The Estate Freeze Old Tools Revisited
By Larry Frostiak, CA, CFP, TEP
Frostiak & Leslie Chartered Accountants Inc. (Winnipeg)
In the next ten years or so, there will be a monumental transfer of wealth, as a younger generation gets set to inherit business, real estate and other investment assets.
Of course, the Canada Customs and Revenue Agency (CCRA) will also be anxiously waiting to benefit from the considerable tax windfall, as the transfer of these assets will ultimately trigger a deemed disposition immediately prior to death. This will result in capital gains and tax payable on those gains.
Historically, an "estate freeze" has been an effective tool in limiting and quantifying the tax payable on such appreciating assets. An estate freeze attempts to minimize the tax by ensuring that the value of the taxpayer's estate will not increase after the freeze is implemented. Properly done, the maximum amount of any capital gain arising on death and the resultant tax thereon should be relatively predictable.
Let's review a number of alternative methods of creating an estate freeze.
1. A Simple Sale
At its simplest, a parent could sell an appreciating asset to the intended family member in exchange for a non-interest bearing note, payable on demand. The parent now holds only the note that will not increase in value; the family member now holds the appreciating asset.
This simple freeze, however, creates a number of problems:
- An effective loss of control over the asset:
- A potential income attribution problem if the recipient is a minor or a spouse;
- An immediate deemed disposition of the asset for tax purposes, with tax payable on any capital gains; and
- A potential funding problem on the note for the recipient.
Of course, if the taxpayer has unused capital losses available, a sale at fair market value today may be an effective means of implementing the estate freeze with no immediate tax cost. Otherwise, better techniques are available.
2. Sale or Gift to an Inter-Vivos Trust
The control issue to the "freezor" can be addressed by effecting a transfer or sale of the asset to an inter-vivos trust. The taxpayer can then exercise control over how the property is used, either by the selection of trustees and/or by restrictions specified in the trust document.
Care must be taken to ensure that the trust is appropriately structured, so that the income attribution rules of the Act are not triggered, where minor children or a spouse are beneficiaries of the trust.
3. Holding Company Freeze
By incorporating and transferring growth assets to a holding company, it is possible to:
- Freeze the asset values:
- Avoid income attribution;
- Defer taxation:
- Maintain control; and
- Transfer future appreciation to the next generation.
If an appropriately prepared election is filed with CCRA, the realization of capital gains can be deferred on a transfer to a corporation.

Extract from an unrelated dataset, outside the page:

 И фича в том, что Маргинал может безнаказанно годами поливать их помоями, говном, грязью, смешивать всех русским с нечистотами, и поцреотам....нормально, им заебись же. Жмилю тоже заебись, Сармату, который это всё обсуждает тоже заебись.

Consider the following exanlple:
Father holds a portfolio of marketable securities with potential future appreciation. The cost is $2,000,000 and the fair market value, $5,000,000.
An estate freeze in favour of a holding company could be implemented, with the common shares of the holding company owned by an inter-vivos family trust. Consideration issued by the holding company would include voting preferred "freeze" shares issued to the father, thereby ensuring that he retains voting control over the corporation.

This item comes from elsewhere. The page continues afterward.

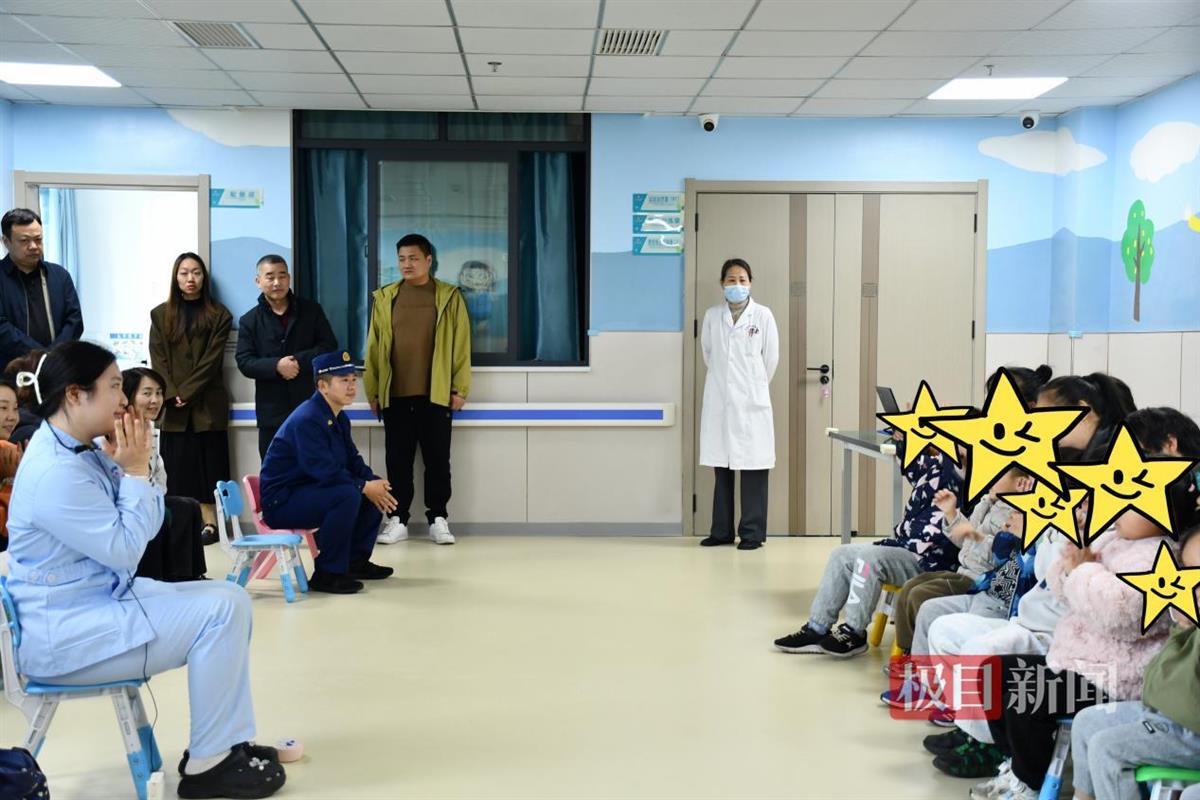 随后,消防车开进妇幼保健院一楼后院,让孩子们近距离感受“火焰蓝”魅力。停在院内的消防车立刻成了最受欢迎的“大明星”。

Care should be taken to ensure that a benefit is not deemed conferred on the trust or the children. For this reason, it is imperative that proper valuations are used.

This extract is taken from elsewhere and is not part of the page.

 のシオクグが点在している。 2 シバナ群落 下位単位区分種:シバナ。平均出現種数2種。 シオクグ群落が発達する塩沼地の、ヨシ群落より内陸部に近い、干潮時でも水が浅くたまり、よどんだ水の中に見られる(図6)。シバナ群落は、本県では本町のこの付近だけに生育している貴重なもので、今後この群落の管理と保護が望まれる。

The benefits of this structure include:
- Effective freeze of taxpayer's assets at $5,000,000
- Deferral of capital gains;
- Effective transfer of growth in the portfolio to the inter-vivos trust for children; and
- Ability to manage income attribution issues.
4. Section 86 Reorganization of Capital
An estate freeze can also be achieved by means of a share capital reorganization within the corporate structure.
A new holding company is not required. The existing capital of the corporation can be reorganized by exchanging (on a tax-deferred basis) all of the common shares of the corporation for non-participating preferred "freeze" shares having a value in aggregate, equal to the value of the "old" common shares so exchanged.
The transfer of the future growth in the corporation is achieved by issuing "new" common growth shares to the intended recipients. The following is an illustration of a share capital reorganization.
The biggest advantage of a share capital reorganization is that it does not require the filing of tax election forms. Therefore, there is less scrutiny by CCRA. It also avoids the need for a new company.
There are obviously a number of "Estate Freeze" structures available. Space permitting, more would have been described. They provide the professional planner with many effective tools to accomplish a client's estate planning needs.